- The input:
________________________________________

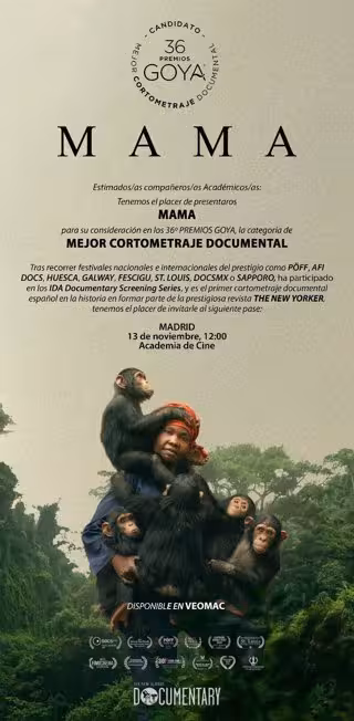 MAMA en EEUU: https://www.newyorker.com/video/watch/the-new-yorker-documentary-a-woman-and-her-chimpanzees-heal-together-after-trauma?c=series https://www.ctxt.es/es/20211101/Culturas/37959/cortometraje-new-yorker-chimpances-mama-director.htm
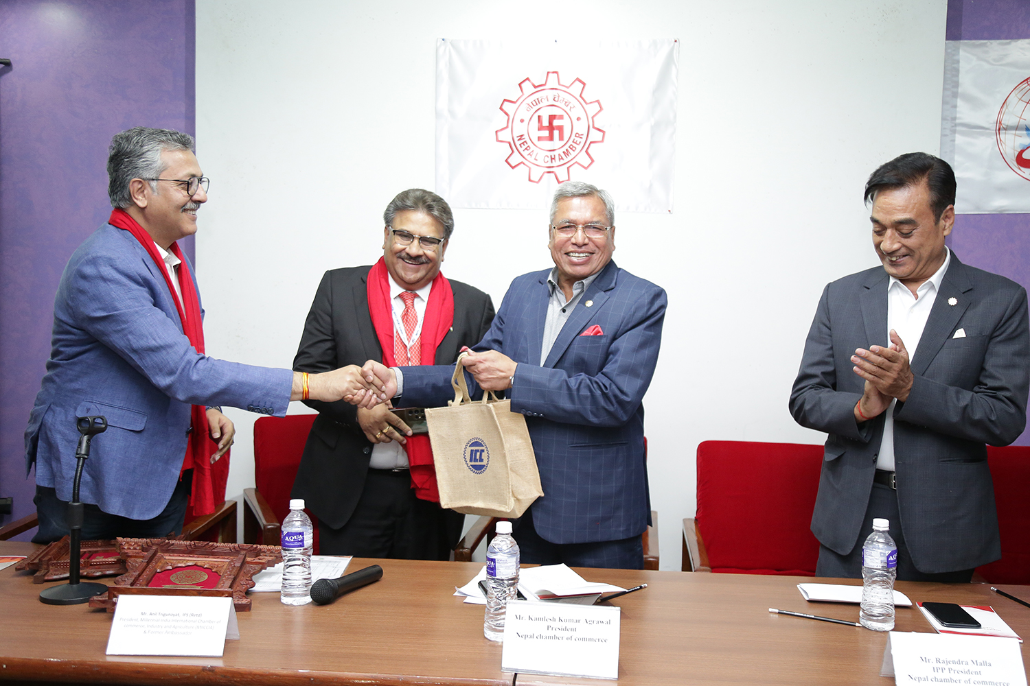 नेपाल चेम्बर अफ कमर्सको निमन्त्रणमा इण्डियन चेम्बर र मिलेनियल चेम्बर अफ कमर्सका पदाधिकारीहरू एवम् व्यवसायिक प्रतिनिधिमण्डल नेपाल आएका हुन् । दुवै चेम्बरका पदाधिकारीलाई नेपाल चेम्बर अफ कमर्सका अध्यक्ष कमलेश अग्रवालले जमलस्थित चेम्बर भवनमा स्वागत गरेका थिए ।
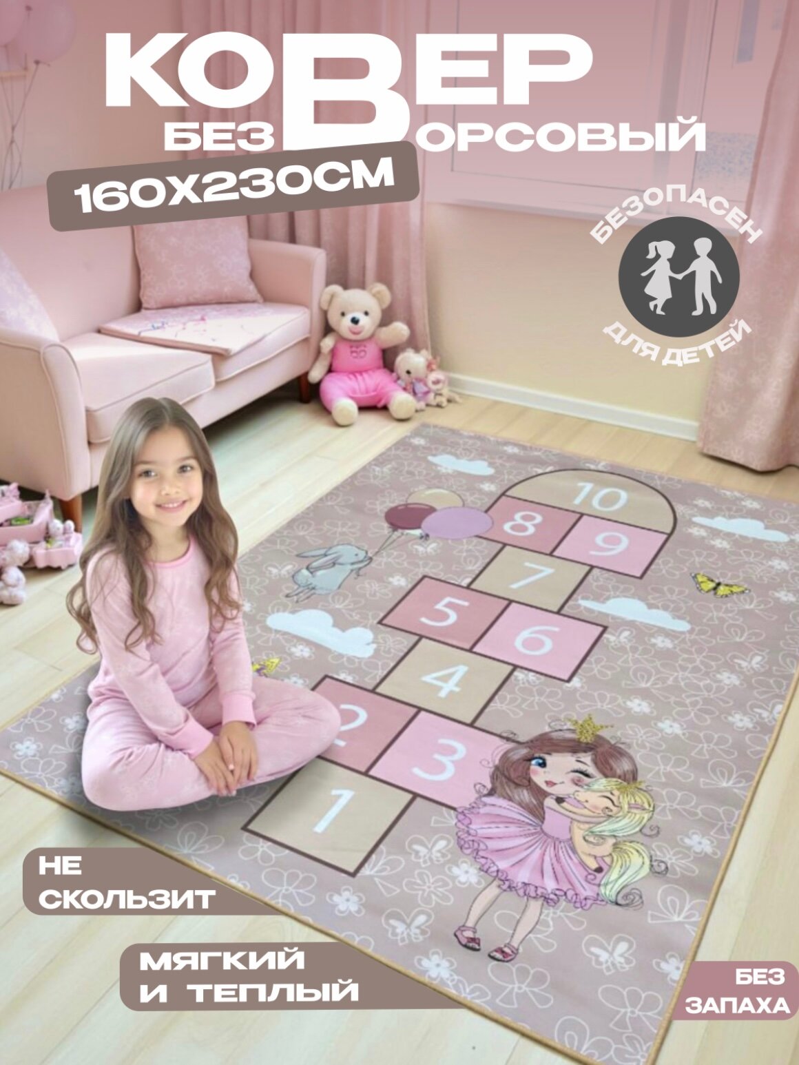 Ковер игровой безворсовый "Классики" в детскую комнату для девочки , детский коврик на пол 160 на 230см. Like_house информация:
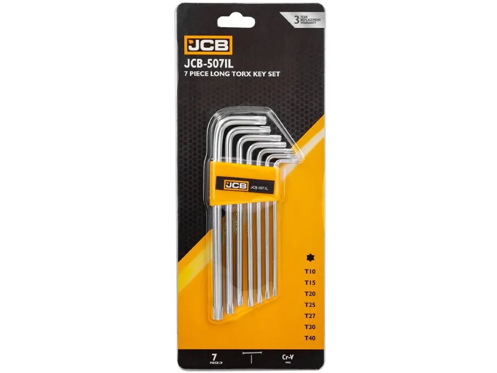 JCB hosszú Torx imbuszkulcs készlet, 7 részes, T10–T40, Cr-V
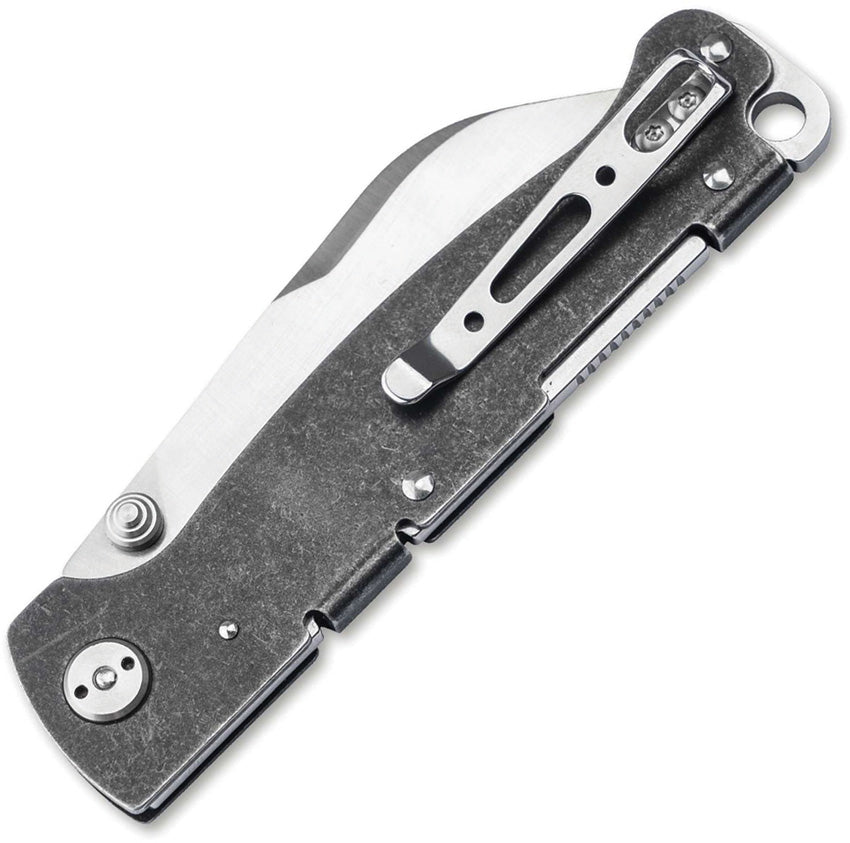 3.75" (9.53cm) closed. 2.88" (7.32cm) satin finish D2 tool steel sheepsfoot blade. Black stonewash finish stainless handle. Thumb stud. Lanyard hole. Pocket clip. Boxed.
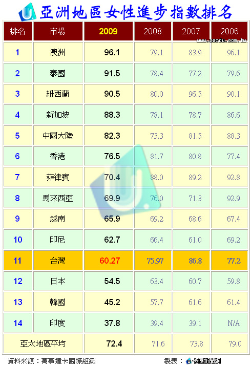 本週日就是三八婦女節,雖然近年來女權高漲,職場上成功女性的例子也越來越多,但從萬事達卡國際組織每年公佈的「女性進步指數」調查來看,台灣地區分數卻直直落,由去(97)年的75.97分跌至今年60.27分,退步幅度在亞太地區僅次於菲律賓,在十四個參與調查市場中,竟排名第十一名,倒數第四。
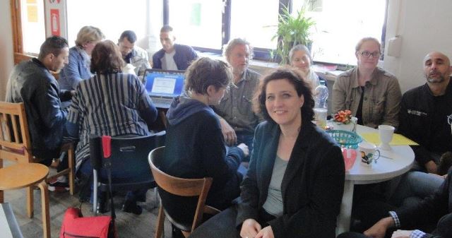 Voll bis auf den letzten Platz war das Informationszentrum für Anwohner und Flüchtlinge in Kralenriede, das sich jetzt „Welcome House ART-Kurve“ nennt, bei dem Besuch der Einrichtung durch die stellvertretende Vorsitzende der SPD-Bundestagsfraktion, Dr. Carola Reimann, zuständig für Arbeit und Soziales, Familie, Senioren, Frauen und Jugend vor wenigen Tagen. Der Raum ist gefüllt mit einer bunt gemischten Gruppe von Anwohnern, Ehrenamtlichen, die an diesem Nachmittag ihren „Dienst“ wahrnehmen und LAB-Bewohnern. „Das ist hier aber jeden Tag so – viele LAB-BewohnerInnen fühlen sich hier akzeptiert und kommen nach der ersten Kontaktaufnahme immer wieder, um der verordneten Eintönigkeit in der LAB zu entfliehen“ so Antje Kämpfe und Wolfgang Büchs (BIBS-Fraktion), die Sprecher der Gruppe „ART-Kurve“.
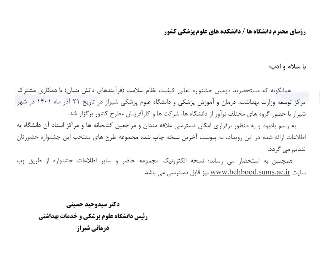 بنا بر اعلام رئیس دانشگاه علوم پزشکی شیراز، آخرین نسخه چاپ شده مجموعه طرح های منتخب دومین جشنواره تعالی کیفیت نظام سلامت (فرآیندهای دانش بنیان) در آدرس اینترنتی این جشنواره قابل دسترسی است.
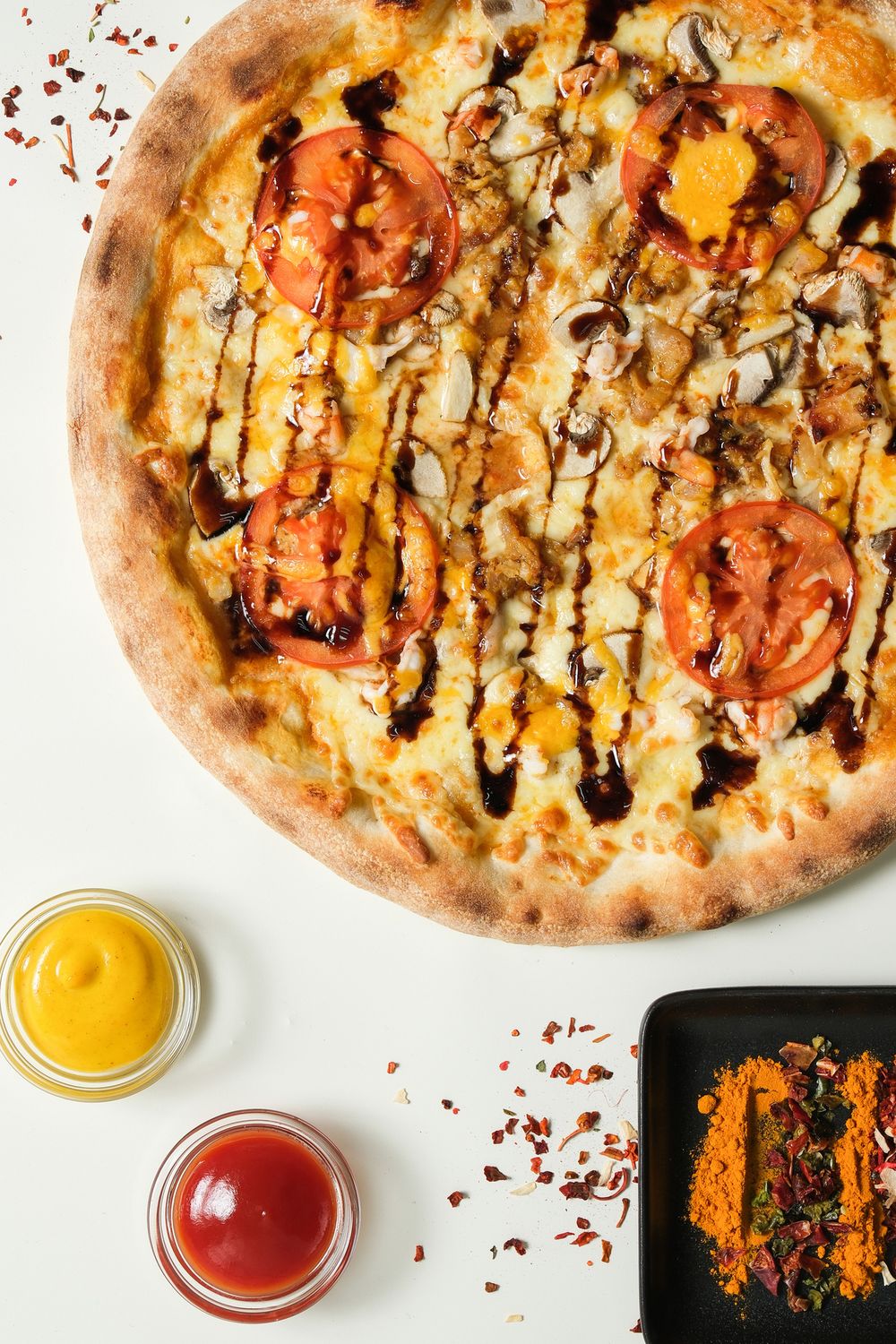 Соус сливочно-кокосовый,том-ям, сыр моцарелла, креветки королевские, курица, грибы, помидоры свежие, сыр чеддер, бальзамический крем-соус

________________________________________

- Exercise instructions:
Reproduce every line of the material precisely, omitting its pictures.

- Task response:
 MAMA en EEUU: https://www.newyorker.com/video/watch/the-new-yorker-documentary-a-woman-and-her-chimpanzees-heal-together-after-trauma?c=series https://www.ctxt.es/es/20211101/Culturas/37959/cortometraje-new-yorker-chimpances-mama-director.htm
 नेपाल चेम्बर अफ कमर्सको निमन्त्रणमा इण्डियन चेम्बर र मिलेनियल चेम्बर अफ कमर्सका पदाधिकारीहरू एवम् व्यवसायिक प्रतिनिधिमण्डल नेपाल आएका हुन् । दुवै चेम्बरका पदाधिकारीलाई नेपाल चेम्बर अफ कमर्सका अध्यक्ष कमलेश अग्रवालले जमलस्थित चेम्बर भवनमा स्वागत गरेका थिए ।
 Ковер игровой безворсовый "Классики" в детскую комнату для девочки , детский коврик на пол 160 на 230см. Like_house информация:
 JCB hosszú Torx imbuszkulcs készlet, 7 részes, T10–T40, Cr-V
 3.75" (9.53cm) closed. 2.88" (7.32cm) satin finish D2 tool steel sheepsfoot blade. Black stonewash finish stainless handle. Thumb stud. Lanyard hole. Pocket clip. Boxed.
 本週日就是三八婦女節,雖然近年來女權高漲,職場上成功女性的例子也越來越多,但從萬事達卡國際組織每年公佈的「女性進步指數」調查來看,台灣地區分數卻直直落,由去(97)年的75.97分跌至今年60.27分,退步幅度在亞太地區僅次於菲律賓,在十四個參與調查市場中,竟排名第十一名,倒數第四。
 Voll bis auf den letzten Platz war das Informationszentrum für Anwohner und Flüchtlinge in Kralenriede, das sich jetzt „Welcome House ART-Kurve“ nennt, bei dem Besuch der Einrichtung durch die stellvertretende Vorsitzende der SPD-Bundestagsfraktion, Dr. Carola Reimann, zuständig für Arbeit und Soziales, Familie, Senioren, Frauen und Jugend vor wenigen Tagen. Der Raum ist gefüllt mit einer bunt gemischten Gruppe von Anwohnern, Ehrenamtlichen, die an diesem Nachmittag ihren „Dienst“ wahrnehmen und LAB-Bewohnern. „Das ist hier aber jeden Tag so – viele LAB-BewohnerInnen fühlen sich hier akzeptiert und kommen nach der ersten Kontaktaufnahme immer wieder, um der verordneten Eintönigkeit in der LAB zu entfliehen“ so Antje Kämpfe und Wolfgang Büchs (BIBS-Fraktion), die Sprecher der Gruppe „ART-Kurve“.
 بنا بر اعلام رئیس دانشگاه علوم پزشکی شیراز، آخرین نسخه چاپ شده مجموعه طرح های منتخب دومین جشنواره تعالی کیفیت نظام سلامت (فرآیندهای دانش بنیان) در آدرس اینترنتی این جشنواره قابل دسترسی است.
 Соус сливочно-кокосовый,том-ям, сыр моцарелла, креветки королевские, курица, грибы, помидоры свежие, сыр чеддер, бальзамический крем-соус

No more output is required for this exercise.